Feb

11

 “A Scout is kind and cheerful, helpful and trustworthy, considerate and clean, and wise in the use of all resources.”

This is Scouts Canada’s Scout Law, and the last phrase “wise in the use of all resources” strikes to the heart of improvisation when used in the context of creative problem-solving. As a Scout leader who does a lot of camping in different locations and different situations, I’m surprised at how poor improvisers children are, and I think it may have to do with the type of thinking that goes along with structured curricula at school. Younger kids at play with toys can be great improvisers, but does the school system bash it out of them?

I’ve found over the years that improvisation provides some of the most satisfying moments for me — particularly in outdoors situations. Just recently at a winter camp, I trekked into the woods on snowshoes to be the “lost” party in a search and rescue exercise. They were expecting me to start out along a path we had snowshoed the night before — but I changed the rules a little. Instead I walked up the road in boots about half a kilometre and then entered the forest directly there on snowshoes in deep snow. A found a rock outcropping overseeing the immediate area, but fairly far from the original path the Scouts would surely follow, and cleared enough snow to make a fire. All I brought with me was a box of matches, a plastic garbage bag, some nylon rope, and a walkie talkie on which to communicate with the other Scout leader Steve.
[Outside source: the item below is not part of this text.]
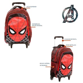 Kit Mochila Escolar Infantil Homem Aranha Marvel de Rodinhas, acompanha lancheira e estojo. Agora você pode levar sua mochila do Homem Aranha no seu dia a dia ou acompanhar você na escola. Possui alça de mão reforçada. Sua abertura maior se dá por zíper com puxador. Na parte de dentro possui amplo espaço para guardar diversos materiais como cadernos grandes, livros e estojos. Na parte da frente, possui bolso com zíper para guardar pertences de menor tamanho, e bolsos laterais.Características: Especificações: - Alça Superior - Estampa no Bolso Frontal - Puxador Retrátil- Zíper Personalizado- Bolso Lateral de Redinha Medidas do Estojo:- Altura: 10cm- Comprimento: 23cm Medidas da Lancheira:- Altura: 22cm- Largura: 20cm Medidas da Mochila: - Altura: 41cm- Largura: 15cm- Comprimento: 29cmDúvidas Frequentes:1. A mochila possui rodinhas em siliconeR. Sim, ela possui rodinhas em silicone transparente 2. Ela possui alça retrátilR. Sim, ela possui alça retrátil para ocupar menos espaço. 3. Ela possui quantas divisõesR. Ela possui 02 divisões para guardar suas coisas. 4. Qual o material da mochilaR. Ela é feita em poliéster e plástico. TagsMochila, escola, escolar, meninos, infantil, rodinha, personagem, desenho, heróis, material, spider man, marvel, vingadores, avengers, kit. Marca: Toys 2U

While they roared off in the wrong direction, I scavenged deadwood from the immediate area, and using some resin filled evergreen branches, was able to get a fire going. My plan was to make it easier for them by seeing the smoke (which they never did). With the materials I improvised a very comfortable chaise lounge. One snowshoe I placed flat on the snow at the edge of the fire-pit (the depth of the pit gave me adequate leg-room), and flush against two saplings about 1½ feet apart, and the second I lashed to the saplings as a back-rest. Then, with the plastic bag as a seat-cover to keep me dry, I sat and enjoyed the morning sunshine, warm and toasty by the fire.
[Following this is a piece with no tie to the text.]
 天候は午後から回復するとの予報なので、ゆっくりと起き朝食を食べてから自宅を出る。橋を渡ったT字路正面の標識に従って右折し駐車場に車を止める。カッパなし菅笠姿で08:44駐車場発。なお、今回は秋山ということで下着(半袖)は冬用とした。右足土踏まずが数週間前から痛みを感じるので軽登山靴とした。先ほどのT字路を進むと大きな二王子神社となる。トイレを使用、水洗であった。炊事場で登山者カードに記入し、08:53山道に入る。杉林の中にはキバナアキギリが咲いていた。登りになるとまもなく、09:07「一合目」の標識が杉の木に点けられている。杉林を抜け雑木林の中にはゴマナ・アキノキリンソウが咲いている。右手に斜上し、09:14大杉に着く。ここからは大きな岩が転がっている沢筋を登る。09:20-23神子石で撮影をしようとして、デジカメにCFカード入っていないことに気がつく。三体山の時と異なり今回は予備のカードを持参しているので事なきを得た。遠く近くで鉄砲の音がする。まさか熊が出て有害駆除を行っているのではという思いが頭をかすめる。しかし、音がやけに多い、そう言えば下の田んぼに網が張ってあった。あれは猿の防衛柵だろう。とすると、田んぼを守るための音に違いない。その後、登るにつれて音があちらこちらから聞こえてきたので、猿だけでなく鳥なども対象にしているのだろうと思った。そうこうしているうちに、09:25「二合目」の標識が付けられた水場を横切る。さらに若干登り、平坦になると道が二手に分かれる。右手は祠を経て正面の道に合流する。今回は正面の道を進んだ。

They had no clue where I was, so I called on the walkie talkie and determined where they were. I knew they needed to back-track so I told them to do so, and then in about ten minutes to call me again. When they did, I told the five of them to holler as loud as they could. I heard them very faintly , but enough to get a bearing on them relative to the sun. I relayed the information that they needed to travel in the direction of the sun directly at their backs. They couldn’t do that exactly and followed the trail back. We used this audible technique a number more times, and finally I gave them a due East bearing from the trail. For a while they couldn’t hear me (one voice), but once they did they zeroed in quickly. As the snow was really deep, I was surprised however to see they didn’t bring their snowshoes. “We didn’t think we’d need them”. I laughed. My rescuers were bedraggled and tired, boots full of snow, while I was “suffering” from my “injuries” by the fire in creature comfort.

My proudest moment though this year was the fall camp where it poured non-stop. So badly that some troops left. A had stayed at the base station doing warrant work (teaching kids how to use knives — no, not throwing them), and realized that the hiking party would be getting back cold, wet, and miserable. So I suggested to the other leaders we should start a fire if for no other reason than morale. We had a tarp up for one of the stations, but needed to get it higher to put a fire under, so we tipped a picnic table against a large tree and used it as a ladder to gain height. After tying off the heightened tarp, we then took the picnic table and set it against the fire pit we had built as a drying station. Additionally I crossed a bunch of ropes about five feet over the fire, and presto-– we now also had a make-shift laundry. Sure enough the kids returned and gladly huddled around that fire. And we dried enough clothes so they could go to bed dry (important for keeping warm) and stay overnight.

I love improvising, and I hope some of it rubs off on the kids. In trading, the great improvisers use liquidity and correlation well. If a set of conditions would move say five or six markets in a particular way, then good traders will take positions in multiple to markets to mask their overall movement, create liquidity for themselves, diversify to some extent, lock in profits, and/or to trade themselves out of a bind. I’m sure many traders here have improvised their way to profits or out of a jam — and that there are some great stories.